Just declare transformation in dataflow with ~100 lines of python

# import
data['content'] = flow_builder.add_source(...)

# transform
data['out'] = data['content']
    .transform(...)
    .transform(...)

# collect data
collector.collect(...)

# export to db, vector db, graph db ...
collector.export(...)

CocoIndex follows the idea of Dataflow programming model. Each transformation creates a new field solely based on input fields, without hidden states and value mutation. All data before/after each transformation is observable, with lineage out of the box.

Particularly, developers don't explicitly mutate data by creating, updating and deleting. They just need to define transformation/formula for a set of source data.

Plug-and-Play Building Blocks

Native builtins for different source, targets and transformations. Standardize interface, make it 1-line code switch between different components - as easy as assembling building blocks.

CocoIndex Features

Data Freshness

CocoIndex keep source data and target in sync effortlessly.

Incremental Processing

It has out-of-box support for incremental indexing:

  • minimal recomputation on source or logic change.
  • (re-)processing necessary portions; reuse cache when possible

Quick Start:

If you're new to CocoIndex, we recommend checking out

Setup

  1. Install CocoIndex Python library
pip install -U cocoindex
  1. Install Postgres if you don't have one.
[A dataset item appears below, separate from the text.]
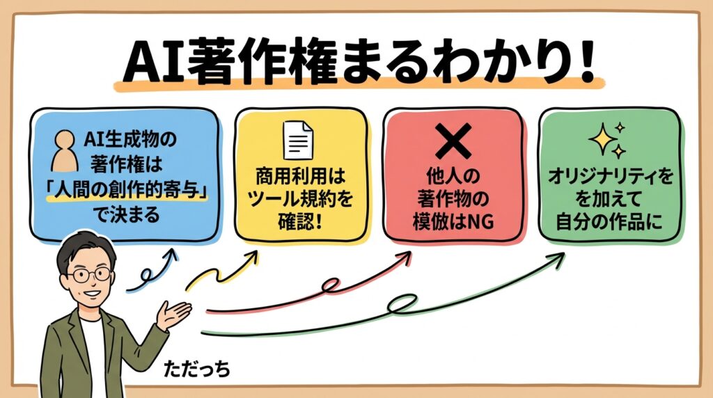 【AI著作権の基本】AIで作ったものの著作権はどうなってるの?商用利用OK/NGの境界線を解説 2025年3月31日 最新AI情報満載!毎日無料朝LIVE実施 【AI著作権の基本】AIで作ったものの著作権はどうなってるの?商用利用OK/NGの境界線を解説 Read Post »
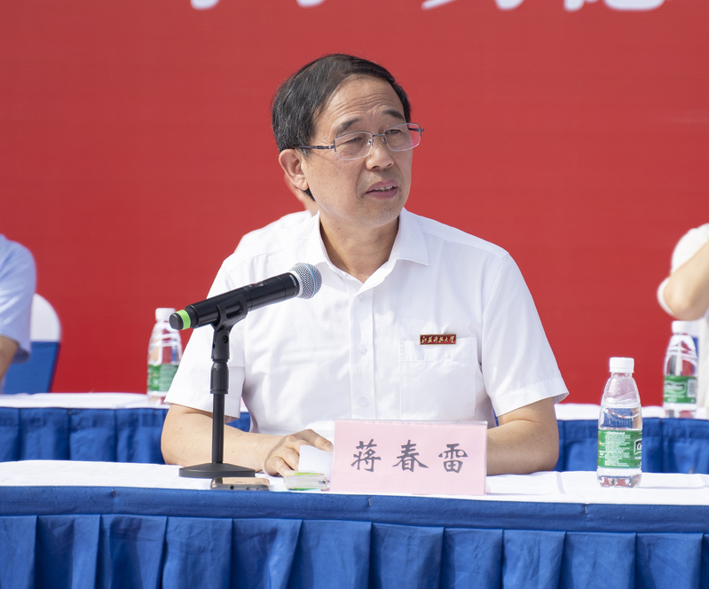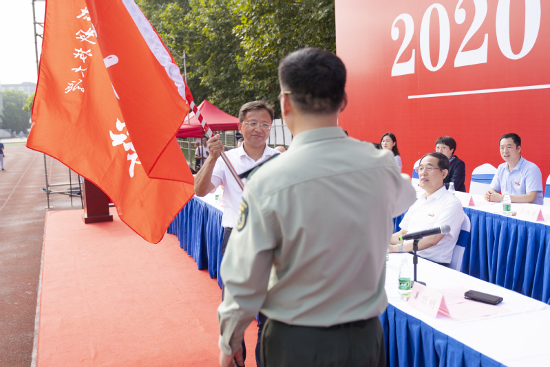 动员讲话前,姜校长向军训旅旅长蒋宏志授军训旅旗,蒋宏志向各营授营旗。

CocoIndex uses it for incremental processing.

Define data flow

Follow Quick Start Guide to define your first indexing flow. An example flow looks like:

@cocoindex.flow_def(name="TextEmbedding")
def text_embedding_flow(flow_builder: cocoindex.FlowBuilder, data_scope: cocoindex.DataScope):
    # Add a data source to read files from a directory
    data_scope["documents"] = flow_builder.add_source(cocoindex.sources.LocalFile(path="markdown_files"))

    # Add a collector for data to be exported to the vector index
    doc_embeddings = data_scope.add_collector()

    # Transform data of each document
    with data_scope["documents"].row() as doc:
        # Split the document into chunks, put into `chunks` field
        doc["chunks"] = doc["content"].transform(
            cocoindex.functions.SplitRecursively(),
            language="markdown", chunk_size=2000, chunk_overlap=500)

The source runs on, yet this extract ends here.